#### Problem statement:
Within the listing below, give again exactly the lines between the one containing "これ以降は採蜜が本格的に始まる為、しばらく催事はお休みとなります。" and the one containing "Lucy Oversized Cotton", inclusive, pictures left aside.

(Dataset content Opens)

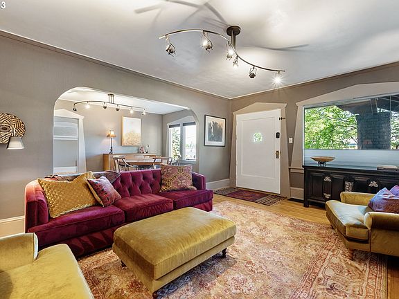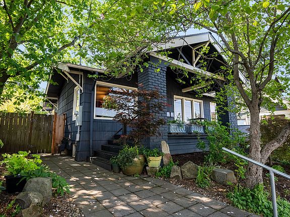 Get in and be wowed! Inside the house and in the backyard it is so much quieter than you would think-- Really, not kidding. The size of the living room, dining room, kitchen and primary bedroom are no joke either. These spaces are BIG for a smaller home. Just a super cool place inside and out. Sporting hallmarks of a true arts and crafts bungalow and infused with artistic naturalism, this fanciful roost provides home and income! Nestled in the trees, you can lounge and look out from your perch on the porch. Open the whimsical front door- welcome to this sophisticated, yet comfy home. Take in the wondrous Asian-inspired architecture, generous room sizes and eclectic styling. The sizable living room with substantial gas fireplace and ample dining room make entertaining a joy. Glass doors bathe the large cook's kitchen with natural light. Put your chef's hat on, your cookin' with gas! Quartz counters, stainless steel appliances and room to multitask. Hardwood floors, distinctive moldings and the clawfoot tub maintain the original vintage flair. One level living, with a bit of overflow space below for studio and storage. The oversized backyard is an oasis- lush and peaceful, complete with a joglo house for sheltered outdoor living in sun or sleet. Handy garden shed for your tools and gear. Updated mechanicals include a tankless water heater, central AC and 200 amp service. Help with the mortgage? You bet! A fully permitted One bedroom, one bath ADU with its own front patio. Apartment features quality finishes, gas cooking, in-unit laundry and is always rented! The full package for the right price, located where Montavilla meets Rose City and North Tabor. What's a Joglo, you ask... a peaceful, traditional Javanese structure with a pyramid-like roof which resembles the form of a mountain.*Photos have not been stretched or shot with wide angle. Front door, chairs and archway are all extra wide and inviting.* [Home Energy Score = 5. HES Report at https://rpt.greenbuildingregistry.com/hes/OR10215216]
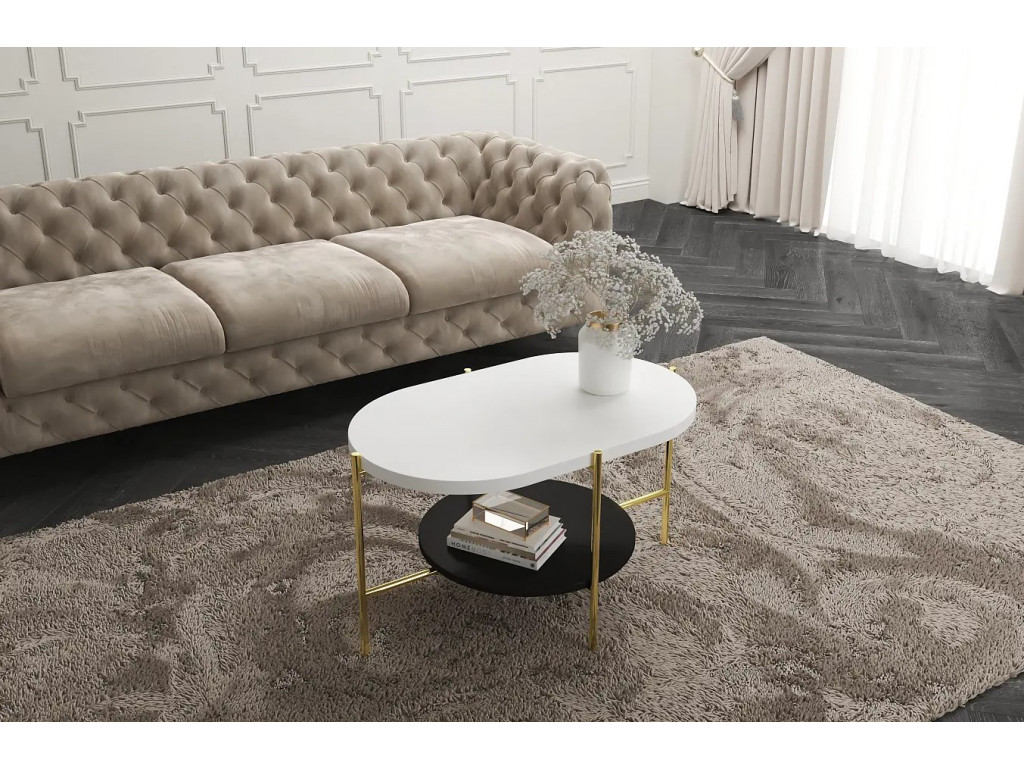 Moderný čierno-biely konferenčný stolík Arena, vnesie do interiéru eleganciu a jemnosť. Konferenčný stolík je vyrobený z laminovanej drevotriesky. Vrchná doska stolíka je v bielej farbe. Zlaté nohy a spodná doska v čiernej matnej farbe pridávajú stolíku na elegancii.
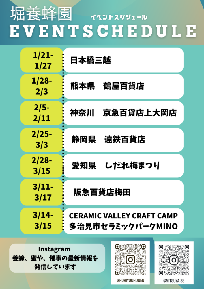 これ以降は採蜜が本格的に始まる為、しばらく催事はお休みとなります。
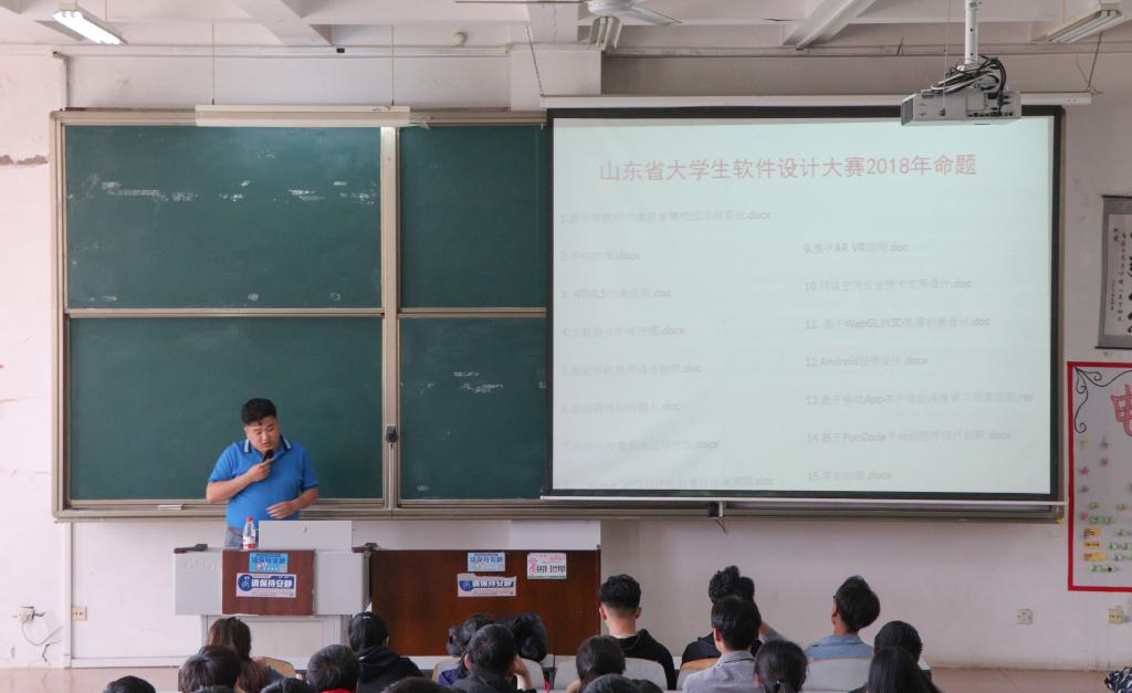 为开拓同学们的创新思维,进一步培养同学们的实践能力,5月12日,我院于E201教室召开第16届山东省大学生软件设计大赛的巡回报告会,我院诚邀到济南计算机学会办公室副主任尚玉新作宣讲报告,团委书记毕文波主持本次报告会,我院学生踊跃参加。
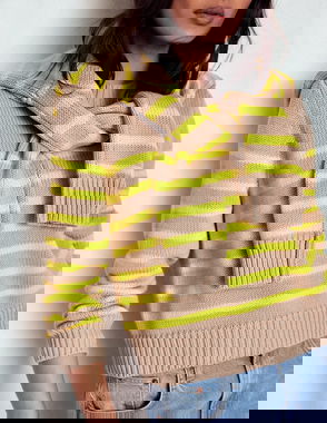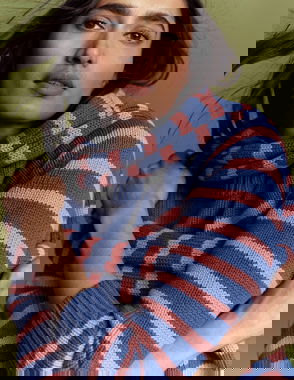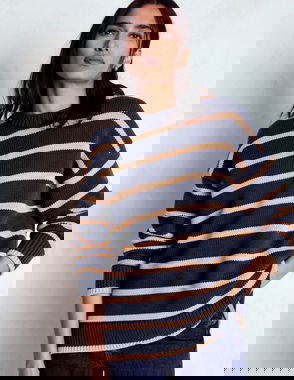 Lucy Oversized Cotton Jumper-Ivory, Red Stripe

(Dataset content Closes)
(Dataset content Opens)

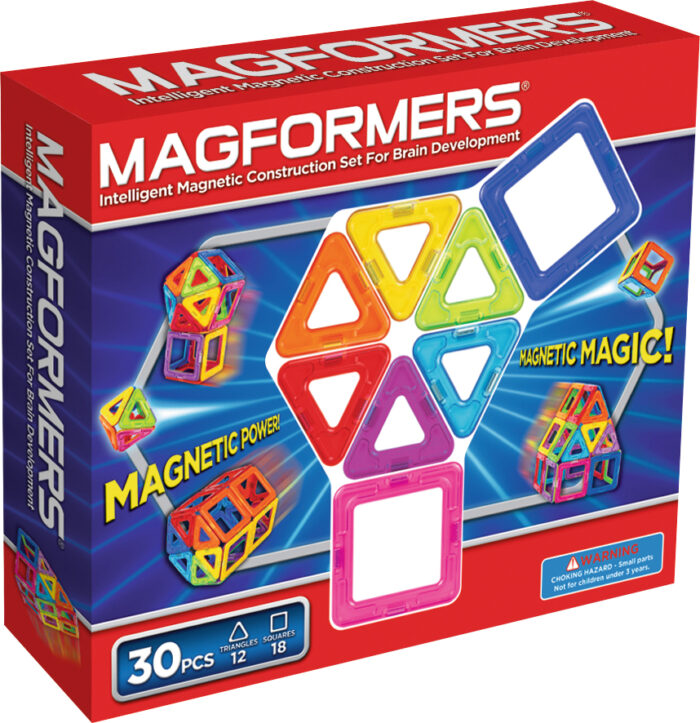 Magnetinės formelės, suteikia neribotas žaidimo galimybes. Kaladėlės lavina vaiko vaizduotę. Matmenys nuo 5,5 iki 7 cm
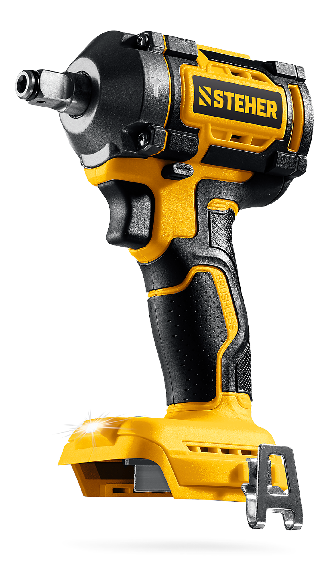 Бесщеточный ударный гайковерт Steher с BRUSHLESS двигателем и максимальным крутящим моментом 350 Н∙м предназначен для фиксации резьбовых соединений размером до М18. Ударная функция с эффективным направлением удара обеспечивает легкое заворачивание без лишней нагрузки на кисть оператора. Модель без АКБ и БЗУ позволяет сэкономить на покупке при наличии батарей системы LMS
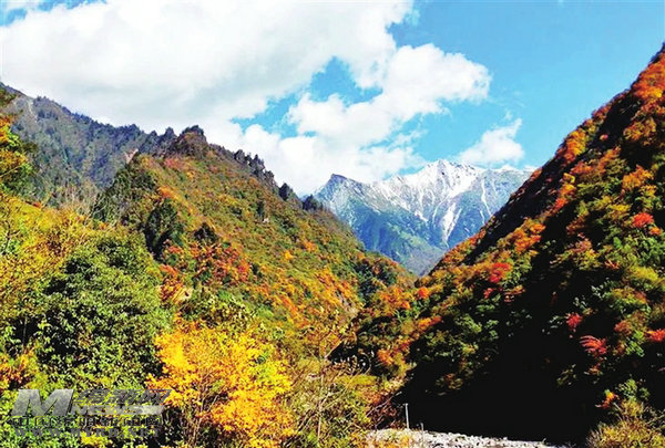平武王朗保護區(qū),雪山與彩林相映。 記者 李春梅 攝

(Dataset content Closes)
(Dataset content Opens)

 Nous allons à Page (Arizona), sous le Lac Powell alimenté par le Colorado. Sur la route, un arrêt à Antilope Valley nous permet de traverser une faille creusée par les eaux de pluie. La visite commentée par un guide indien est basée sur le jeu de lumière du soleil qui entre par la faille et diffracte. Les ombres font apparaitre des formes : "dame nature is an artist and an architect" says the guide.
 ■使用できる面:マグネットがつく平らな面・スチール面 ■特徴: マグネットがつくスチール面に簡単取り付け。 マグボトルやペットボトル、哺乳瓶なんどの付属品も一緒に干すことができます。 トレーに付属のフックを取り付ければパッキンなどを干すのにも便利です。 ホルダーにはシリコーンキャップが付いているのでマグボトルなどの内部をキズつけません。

(Dataset content Closes)

#### Problem solution:
 これ以降は採蜜が本格的に始まる為、しばらく催事はお休みとなります。
 为开拓同学们的创新思维,进一步培养同学们的实践能力,5月12日,我院于E201教室召开第16届山东省大学生软件设计大赛的巡回报告会,我院诚邀到济南计算机学会办公室副主任尚玉新作宣讲报告,团委书记毕文波主持本次报告会,我院学生踊跃参加。
 Lucy Oversized Cotton Jumper-Ivory, Red Stripe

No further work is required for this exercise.